## Task goal:
Return the listing below exactly as it stands. Pictures stay out.

## Recorded data:
┌──
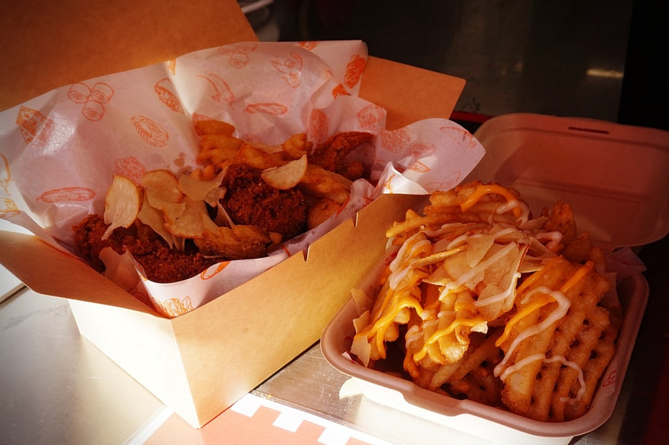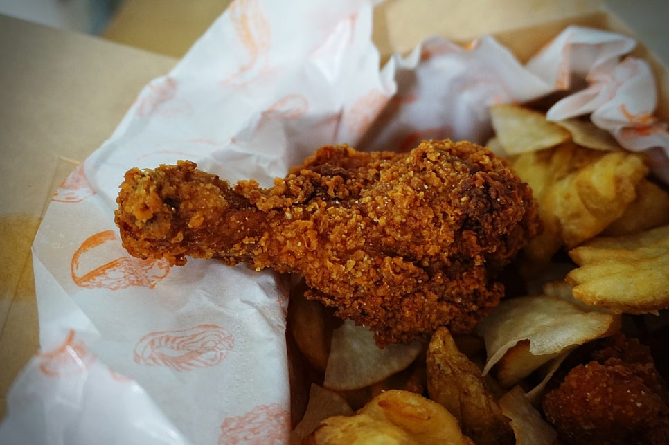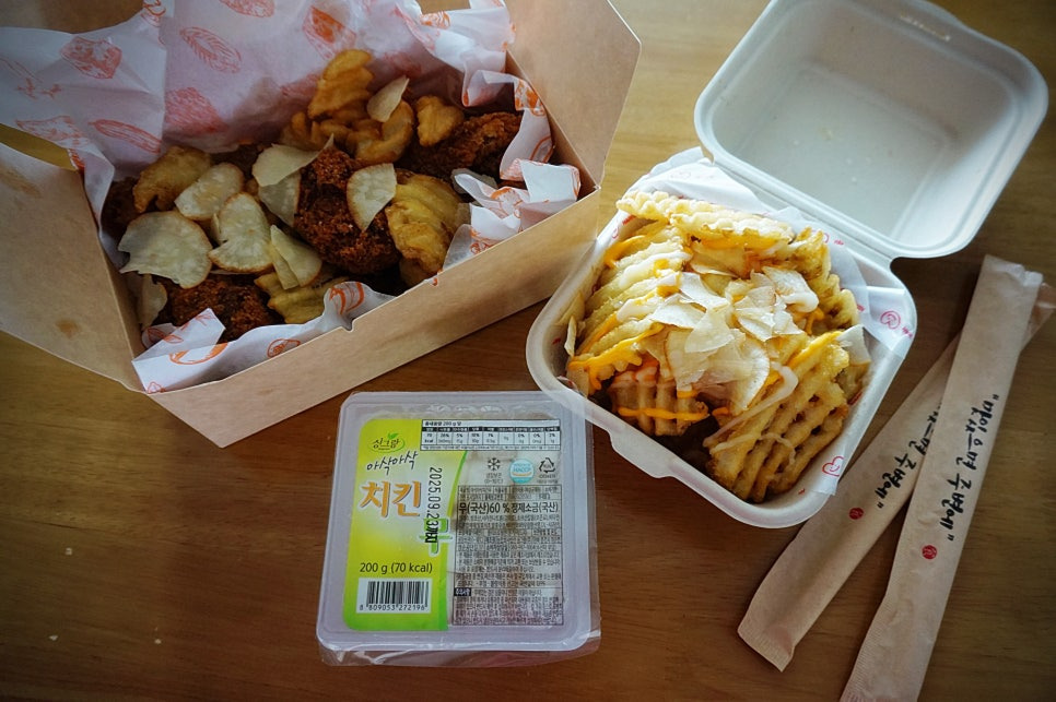 주문한 치킨과 감자튀김이 드디어 나왔어요.
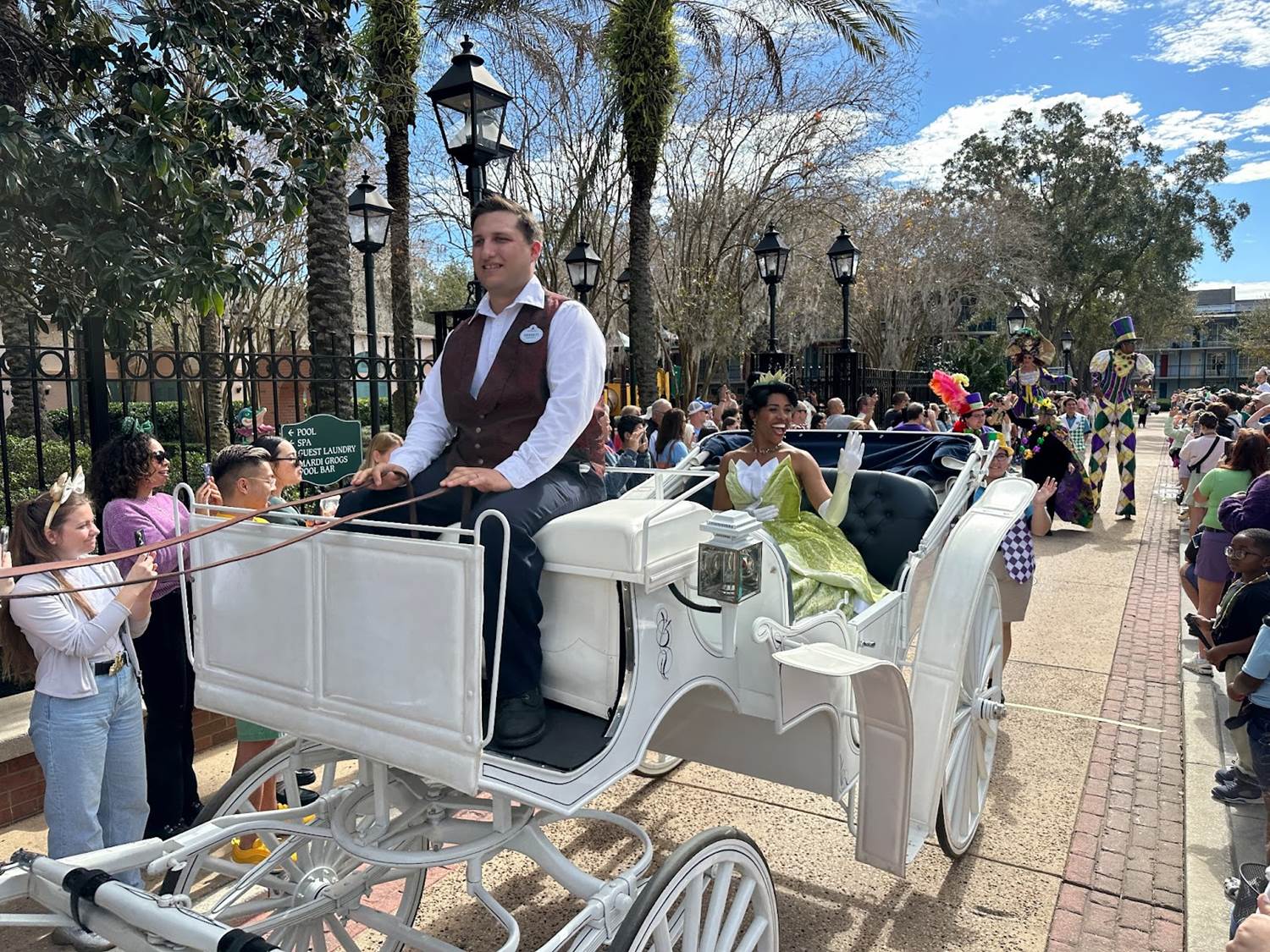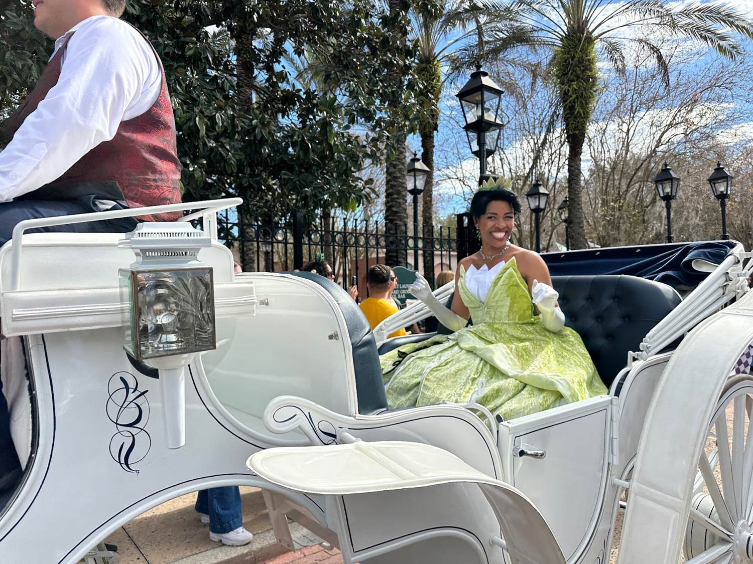 The grand marshall of the affair was, of course, Princess Tiana, who appeared in a horse-drawn carriage.
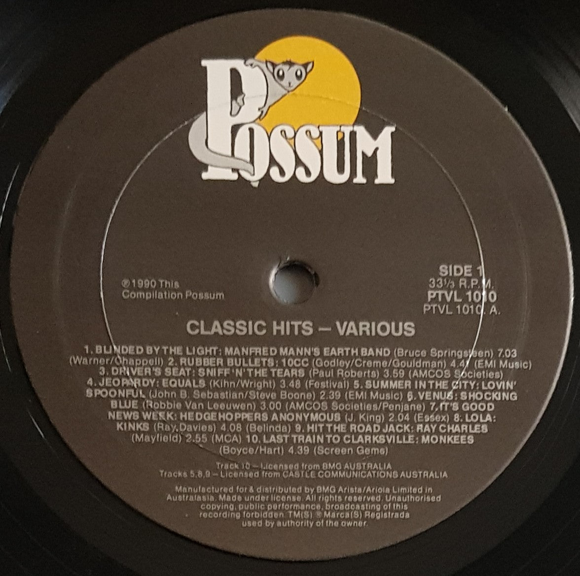 1990 Possum Records PTVL 1010. Deletion Corner Cut on Cover. Manfred Mann, 10C.C., Monkees, Golden Earring, Kinks +++
└──
## Solution to the exercise:
 주문한 치킨과 감자튀김이 드디어 나왔어요.
 The grand marshall of the affair was, of course, Princess Tiana, who appeared in a horse-drawn carriage.
 1990 Possum Records PTVL 1010. Deletion Corner Cut on Cover. Manfred Mann, 10C.C., Monkees, Golden Earring, Kinks +++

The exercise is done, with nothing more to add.